## ACTION ITEM
Below are entries to reproduce exactly, apart from their pictures.

Stored items from a collection
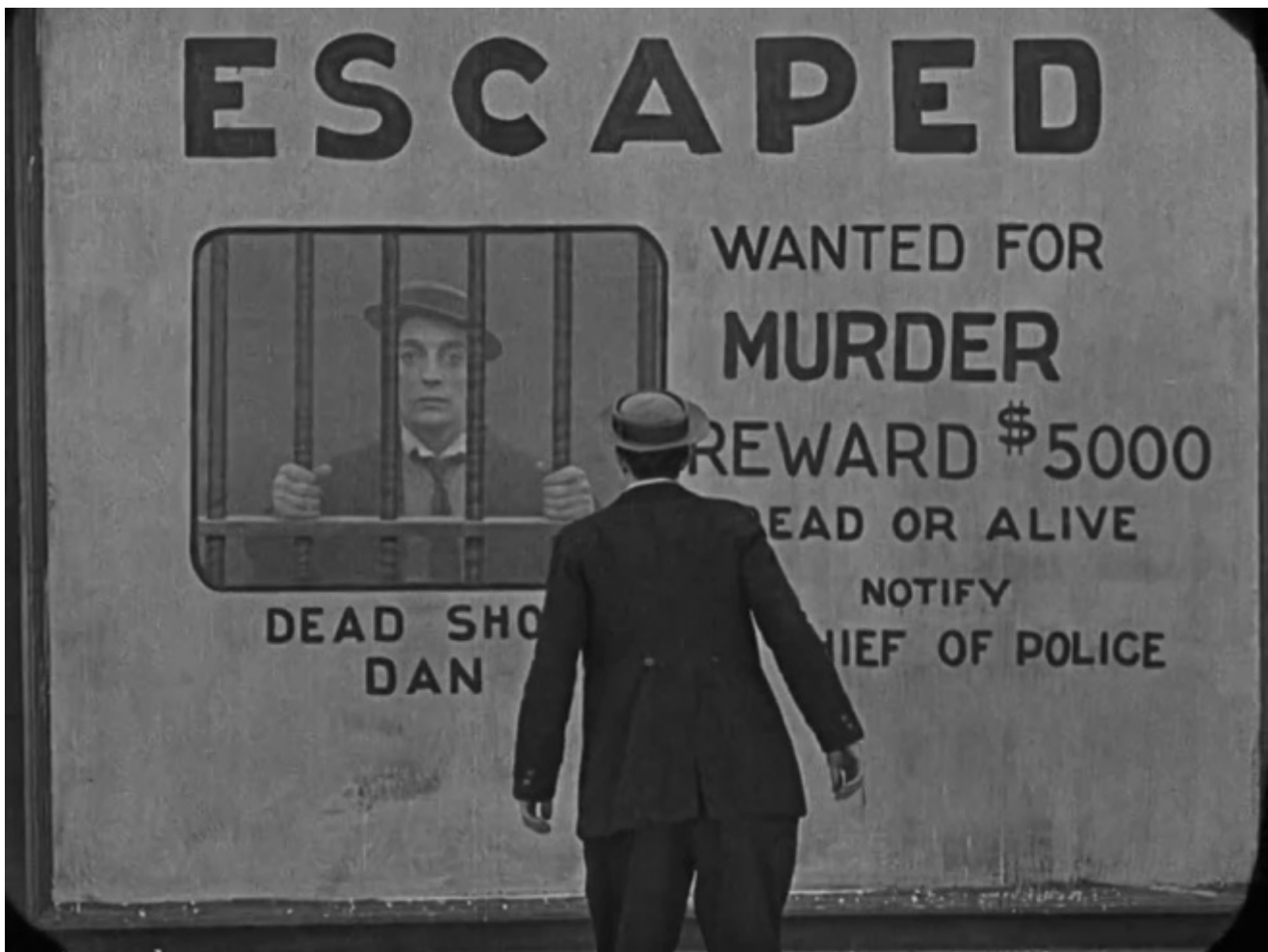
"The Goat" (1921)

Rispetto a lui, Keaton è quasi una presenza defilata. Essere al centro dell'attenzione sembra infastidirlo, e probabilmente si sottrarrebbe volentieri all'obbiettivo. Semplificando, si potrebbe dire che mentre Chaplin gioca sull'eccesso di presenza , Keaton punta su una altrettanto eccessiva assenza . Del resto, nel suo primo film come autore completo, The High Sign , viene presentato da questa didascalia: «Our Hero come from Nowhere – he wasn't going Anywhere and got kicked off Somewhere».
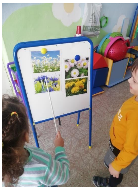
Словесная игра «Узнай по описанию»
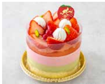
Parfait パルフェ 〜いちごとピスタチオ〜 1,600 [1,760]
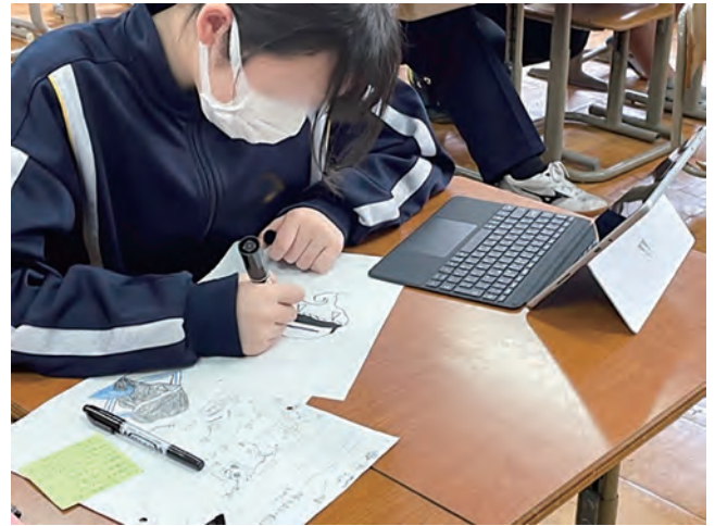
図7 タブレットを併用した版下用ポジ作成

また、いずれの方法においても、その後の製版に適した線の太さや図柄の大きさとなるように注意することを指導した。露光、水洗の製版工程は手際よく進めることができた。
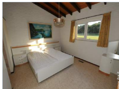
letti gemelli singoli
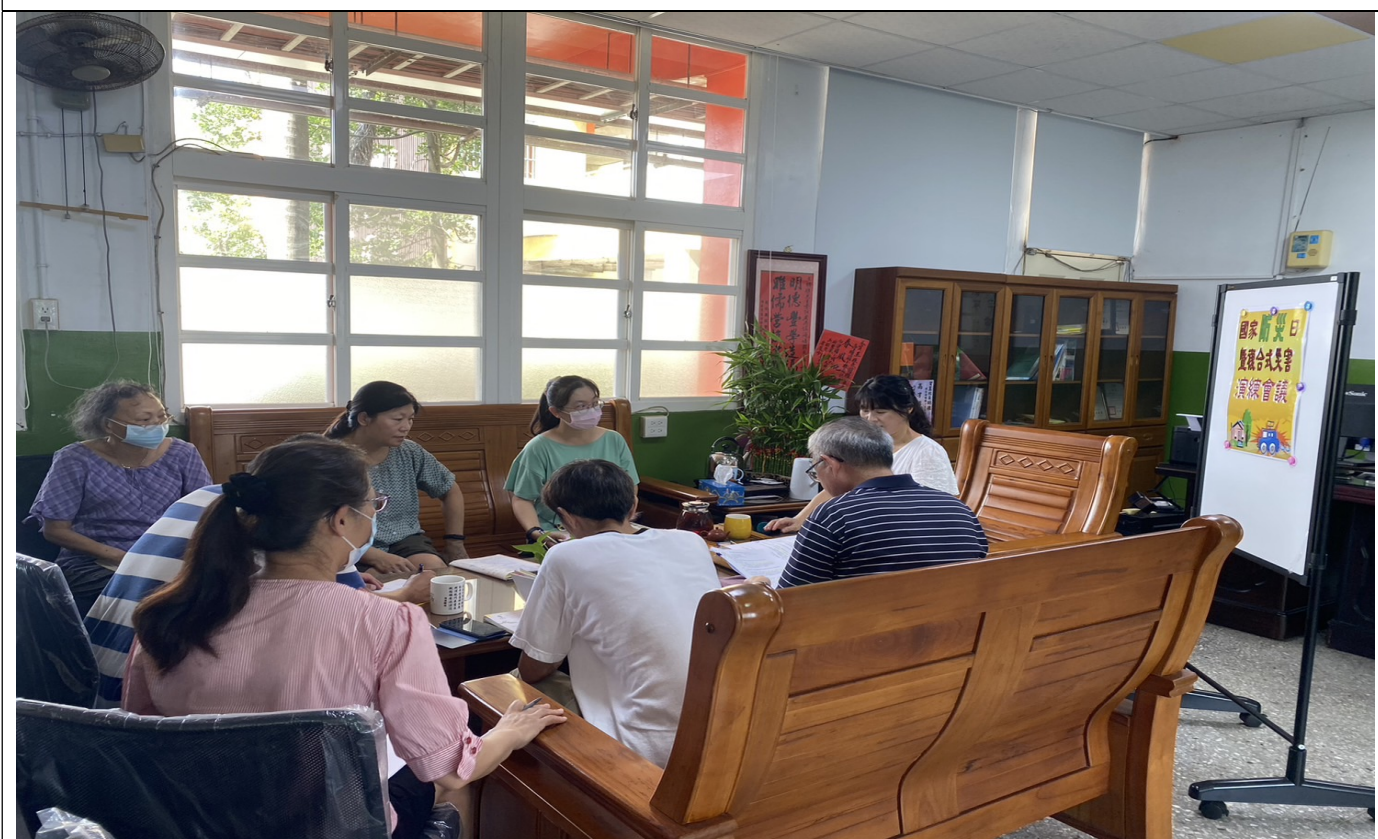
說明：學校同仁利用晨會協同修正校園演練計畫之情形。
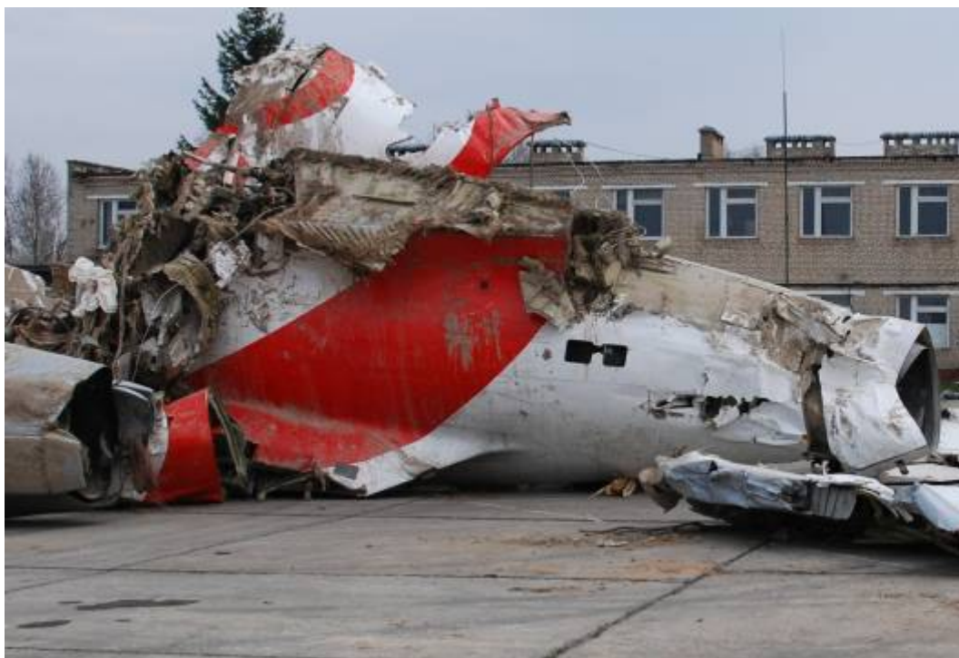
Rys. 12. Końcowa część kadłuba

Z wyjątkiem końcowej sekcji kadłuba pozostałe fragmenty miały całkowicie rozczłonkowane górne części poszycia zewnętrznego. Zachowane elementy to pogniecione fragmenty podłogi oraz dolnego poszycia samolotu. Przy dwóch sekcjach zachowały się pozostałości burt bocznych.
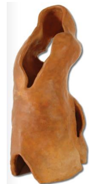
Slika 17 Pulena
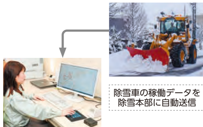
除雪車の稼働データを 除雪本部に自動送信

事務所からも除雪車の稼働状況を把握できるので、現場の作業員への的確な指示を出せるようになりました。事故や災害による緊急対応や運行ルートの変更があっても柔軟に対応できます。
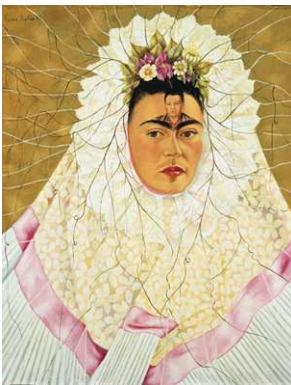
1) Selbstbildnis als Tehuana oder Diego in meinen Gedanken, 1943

## WRITTEN REPLY
"The Goat" (1921)

Rispetto a lui, Keaton è quasi una presenza defilata. Essere al centro dell'attenzione sembra infastidirlo, e probabilmente si sottrarrebbe volentieri all'obbiettivo. Semplificando, si potrebbe dire che mentre Chaplin gioca sull'eccesso di presenza , Keaton punta su una altrettanto eccessiva assenza . Del resto, nel suo primo film come autore completo, The High Sign , viene presentato da questa didascalia: «Our Hero come from Nowhere – he wasn't going Anywhere and got kicked off Somewhere».
Словесная игра «Узнай по описанию»
Parfait パルフェ 〜いちごとピスタチオ〜 1,600 [1,760]
図7 タブレットを併用した版下用ポジ作成

また、いずれの方法においても、その後の製版に適した線の太さや図柄の大きさとなるように注意することを指導した。露光、水洗の製版工程は手際よく進めることができた。
letti gemelli singoli
說明：學校同仁利用晨會協同修正校園演練計畫之情形。
Rys. 12. Końcowa część kadłuba

Z wyjątkiem końcowej sekcji kadłuba pozostałe fragmenty miały całkowicie rozczłonkowane górne części poszycia zewnętrznego. Zachowane elementy to pogniecione fragmenty podłogi oraz dolnego poszycia samolotu. Przy dwóch sekcjach zachowały się pozostałości burt bocznych.
Slika 17 Pulena
除雪車の稼働データを 除雪本部に自動送信

事務所からも除雪車の稼働状況を把握できるので、現場の作業員への的確な指示を出せるようになりました。事故や災害による緊急対応や運行ルートの変更があっても柔軟に対応できます。
1) Selbstbildnis als Tehuana oder Diego in meinen Gedanken, 1943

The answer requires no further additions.